| Supplied information |
-- Opening Marker --
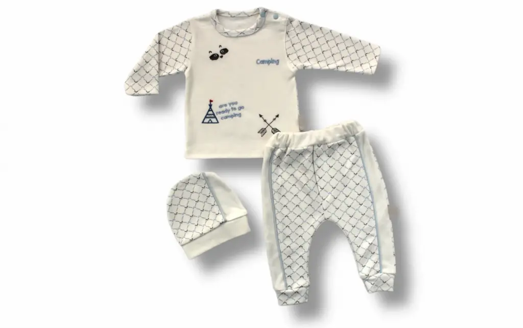 Modern Nakışlı Uzun Kollu Sweatli 3'lü Bebek Takımı
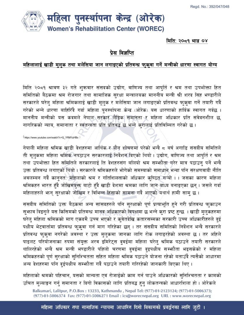 मिति २०८१ श्रावण ३२ गते शुक्रवार संसदको उद्योग, वाणिज्य तथा आपुर्ति र श्रम तथा उपभोक्ता हित समितिको बैठकमा श्रम रोजगार तथा सामाजिक सुरक्षा मन्त्रालयका माननीय मन्त्री श्री शरद सिंह भण्डारीले सरकारले घरेलु महिला श्रमिकलाई खाडी मूलुक र मलेसिया जान लगाइएको प्रतिवन्ध फुकुवा गर्ने तयारी गर्दै गरेको भन्ने धारणा बाहिरिँदै गर्दा महिला पुनस्र्थापना केन्द्र (ओरेक) यस धारणाको हार्दिक स्वागत गर्दछ । साथै, महिला श्रमिकहरु शोषण र दुव्र्यवहारबाट मुक्त भई काम गर्न सक्ने अवसरको सिर्जना गर्न यसको प्रभावकारी कार्यान्वयनका लागि ओरेक अनुरोध गर्दछ । यसको आधारमा अन्य मुलुकमा लगाइएको प्रतिवन्ध पनि छिट्टै हटाउन उचित पहल कदमी चाल्न हामी सरकारसँग अपील गर्दछौँ ।
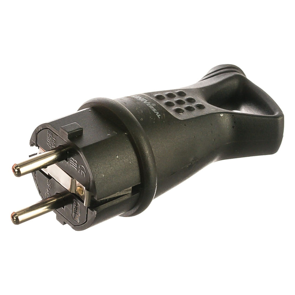 Угловая однофазная вилка с ушком, каучук UNIVersal 0003 служит для присоединения к сети электропитания различных бытовых электроприборов мощностью до 3,5 кВт. Изделие предназначено для эксплуатации в суровых условиях - на открытом воздухе или во влажных или запыленных помещениях, например: на дачном участке, на строительных площадках и пр. Угловой ввод питающего кабеля и наличие «кольца» позволяют сэкономить пространство около стационарной розетки, а также легко и быстро, без лишних усилий извлекать вилку из сети
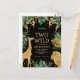 Cette carte postale "deux sauvages" safari dans la jungle thème de deuxième anniversaire invitation à la fête comprend des animaux en fausse feuille d'or (girafe, lion et singes), le feuillage de l'or et de la jungle verte, et un arrosage de confettis d'or sur un arrière - plan noir. Ajoutez le nom du garçon ou de la fille d'anniversaire et les détails de la fête en texte noir sur le devant et votre adresse de retour au verso.
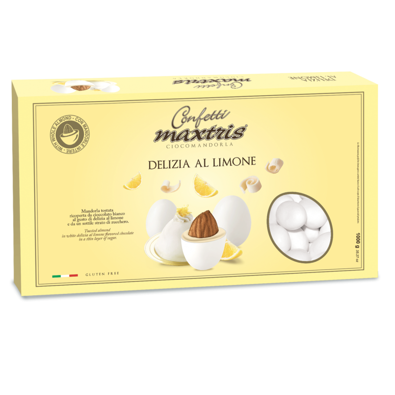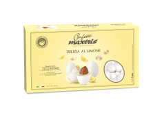 Confetti Maxtris aromatizzati di Italiana Confetti al gusto di delizia al limone . Morbido e goloso confetto con all' interno la mandorla ricoperta da cioccolato bianco aromatizzato ed un sottile strato di zucchero vanigliato
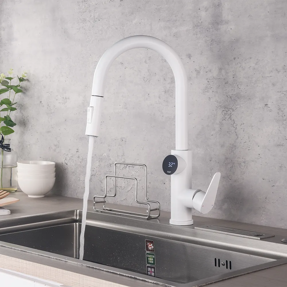 Furniture, Faucets, Outdoor, Lights and Decor Straight from... - Homary Modern Sleek White & Chrome Pull-Down Spray Kitchen Faucet Single Handle Solid Brass. Commercial Pull Down Pre-rinse Spring Sprayer Polished Chrome Kitchen Sink Faucet with Deck Plate Solid Brass.
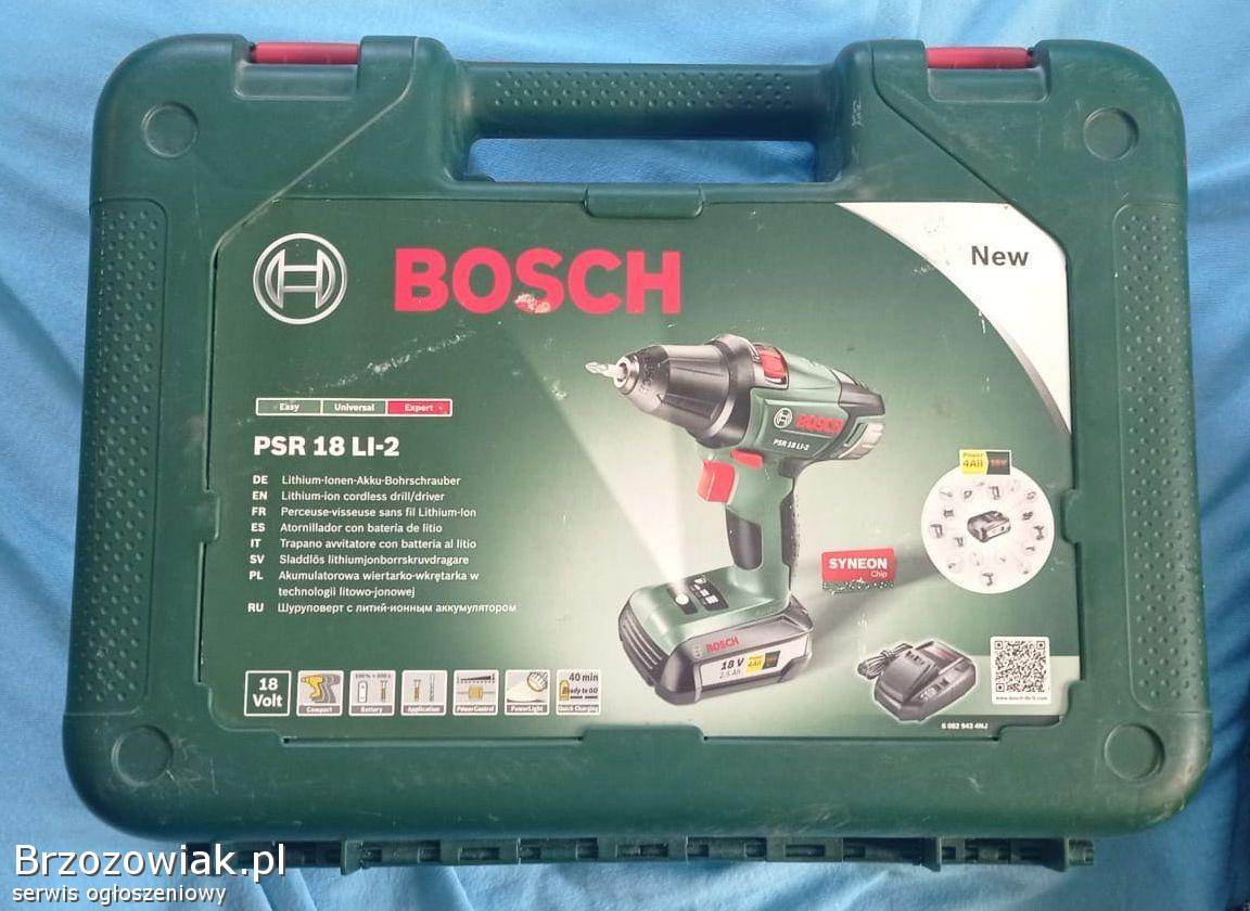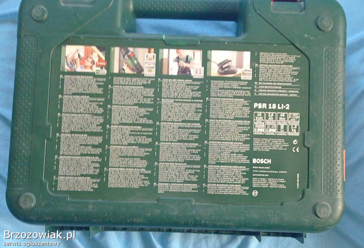 TyczynProfesjonalny wiertarko-wkrętarka Bosch GSR 14, 4-2-LI z zestawem akcesoriów - 2 akumulatory, ładowarka oraz walizka. Narzędzie jest w stanie używanym, ale w pe
-- Closing Marker --
| What to do |
Restate each entry word for word, please, but drop any images it holds.

| Answer to the exercise |
 Modern Nakışlı Uzun Kollu Sweatli 3'lü Bebek Takımı
 मिति २०८१ श्रावण ३२ गते शुक्रवार संसदको उद्योग, वाणिज्य तथा आपुर्ति र श्रम तथा उपभोक्ता हित समितिको बैठकमा श्रम रोजगार तथा सामाजिक सुरक्षा मन्त्रालयका माननीय मन्त्री श्री शरद सिंह भण्डारीले सरकारले घरेलु महिला श्रमिकलाई खाडी मूलुक र मलेसिया जान लगाइएको प्रतिवन्ध फुकुवा गर्ने तयारी गर्दै गरेको भन्ने धारणा बाहिरिँदै गर्दा महिला पुनस्र्थापना केन्द्र (ओरेक) यस धारणाको हार्दिक स्वागत गर्दछ । साथै, महिला श्रमिकहरु शोषण र दुव्र्यवहारबाट मुक्त भई काम गर्न सक्ने अवसरको सिर्जना गर्न यसको प्रभावकारी कार्यान्वयनका लागि ओरेक अनुरोध गर्दछ । यसको आधारमा अन्य मुलुकमा लगाइएको प्रतिवन्ध पनि छिट्टै हटाउन उचित पहल कदमी चाल्न हामी सरकारसँग अपील गर्दछौँ ।
 Угловая однофазная вилка с ушком, каучук UNIVersal 0003 служит для присоединения к сети электропитания различных бытовых электроприборов мощностью до 3,5 кВт. Изделие предназначено для эксплуатации в суровых условиях - на открытом воздухе или во влажных или запыленных помещениях, например: на дачном участке, на строительных площадках и пр. Угловой ввод питающего кабеля и наличие «кольца» позволяют сэкономить пространство около стационарной розетки, а также легко и быстро, без лишних усилий извлекать вилку из сети
 Cette carte postale "deux sauvages" safari dans la jungle thème de deuxième anniversaire invitation à la fête comprend des animaux en fausse feuille d'or (girafe, lion et singes), le feuillage de l'or et de la jungle verte, et un arrosage de confettis d'or sur un arrière - plan noir. Ajoutez le nom du garçon ou de la fille d'anniversaire et les détails de la fête en texte noir sur le devant et votre adresse de retour au verso.
 Confetti Maxtris aromatizzati di Italiana Confetti al gusto di delizia al limone . Morbido e goloso confetto con all' interno la mandorla ricoperta da cioccolato bianco aromatizzato ed un sottile strato di zucchero vanigliato
 Furniture, Faucets, Outdoor, Lights and Decor Straight from... - Homary Modern Sleek White & Chrome Pull-Down Spray Kitchen Faucet Single Handle Solid Brass. Commercial Pull Down Pre-rinse Spring Sprayer Polished Chrome Kitchen Sink Faucet with Deck Plate Solid Brass.
 TyczynProfesjonalny wiertarko-wkrętarka Bosch GSR 14, 4-2-LI z zestawem akcesoriów - 2 akumulatory, ładowarka oraz walizka. Narzędzie jest w stanie używanym, ale w pe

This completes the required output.